In this case, the first backup neighbor is the same neighbor through which we reach 100.0.0.7, i.e. 100.0.0.5 (Primary next-hop link fate sharing, which means that if primary next-hop fails, also that backup neighbor will not be usable). The second backup neighbor, R4, could be an alternate path, but as we discussed before, it would cause a traffic loop (Path loops).

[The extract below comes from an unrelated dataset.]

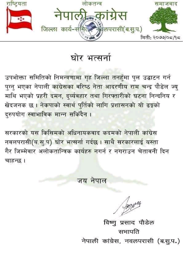 उमेश बि.क / नवलपरासी ,१८ मंसिर काङ्ग्रेस बरिस्ठ नेता रामचन्द्र पौडेलमाथिको दुर्व्यवहार प्रती नेपाली काङ्ग्रेस जिल्ला कार्यसमिति नवलपरासीद्वारा घाेर भर्त्सना गरिएको छ। गृहजिल्ला तनहुँमा पुल उद्घाटन गर्न गएका नेता पौडेलसहित नेता–कार्यकर्तामाथि भएको धरपकडको घटना र प्रहरी दमन ,दुर्ववहार आपत्तिजनक र निन्दनीय भएको भन्दै कांग्रेस नवलपरासीले घाेर भर्त्सना गरेको जिल्ला सभापति बिष्णु पाैडेलले जानकारी दिनुभएको छ। नेकपाकाे स्वार्थ पुर्तिकाे लागि प्रशासनको याे दुरुपयोग स्वभाविक मान्न सकिन्न ,सरकारकाे यस किसिमको अधिनायकवाद कदमकाे नेपाली काङ्ग्रेस बर्दघाट सुस्ता पश्चिम नवलपरासी सभापति पाैडेलले भर्त्सना गर्नुभएको छ। साथै सरकारले यस्ता गैर जिम्मेवार अलाेकतान्त्रिक कार्यहरु नगर्न गराउन चेतावनी समेत दिनु भएको हाे। राष्ट्रिय दैनिक राष्ट्रिय दैनिक एक लोकप्रिय नेपाली समाचार पोर्टल हो। हामी सत्य तथ्य निश्पक्ष र सन्तुलित समाचार सम्प्रेषण गर्ने तर्फ उद्दत छौँ । हाम्रा टोल,समाज, शहर वा आम जनताका चुलो चौको देखि सदन सम्म अथवा समाजका उदाहरणीय ब्यक्ति, रास्ट्रका पहरेदार हरेक बिषय हाम्रा समाचारका श्रोत हुन् । आवाज बिहिनहरुको आवाजमा साथ अनि सरकारको बेथितिमा हाम्रो निगरानी हुनेछ । हामी राजनितीको रंग भर्दैनौं तर राजनितीको चेतना अवश्य भर्ने छौं ।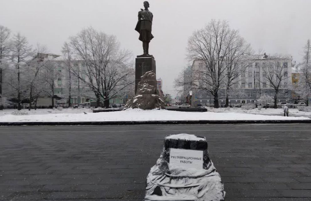 Миниатюрный памятник не даёт вандалам покоя. Сначала копию писателя спилили в начале декабря, после реставрации прошёл месяц и вот опять.

So, with link-protection OSPF can immediately start to work about finding feasible successors, using an EIGRP terminology, i.e. a successor where we can immediately route traffic flowing on a link that fails and that was the best path toward a destination. Again, this does not add almost anything to our network due to our topology, so let’s move to the next step to decrease traffic disruption in case of link R3-R5 failure.

RSVP-TE tunnel from R3 to R5

How can we help R3 to forward traffic destined to R5 and R7 through R4->R6->R5 path without causing a loop? We must use something that forces R4 not to do a lookup on traffic destination, otherwise it could route it back to R3 until knows about the link failure. We can deploy an RSVP-TE tunnel from R3 to R5 that goes through R4: in this way, R3 encapsulates traffic within an MPLS label which is swapped by R4 (popped due to PHP, i.e. Penultimate-Hop-Popping) without looking at the contents of the forwarded packets, which are de-encapsulated at R6 and forwarded to R5, without enabling loops.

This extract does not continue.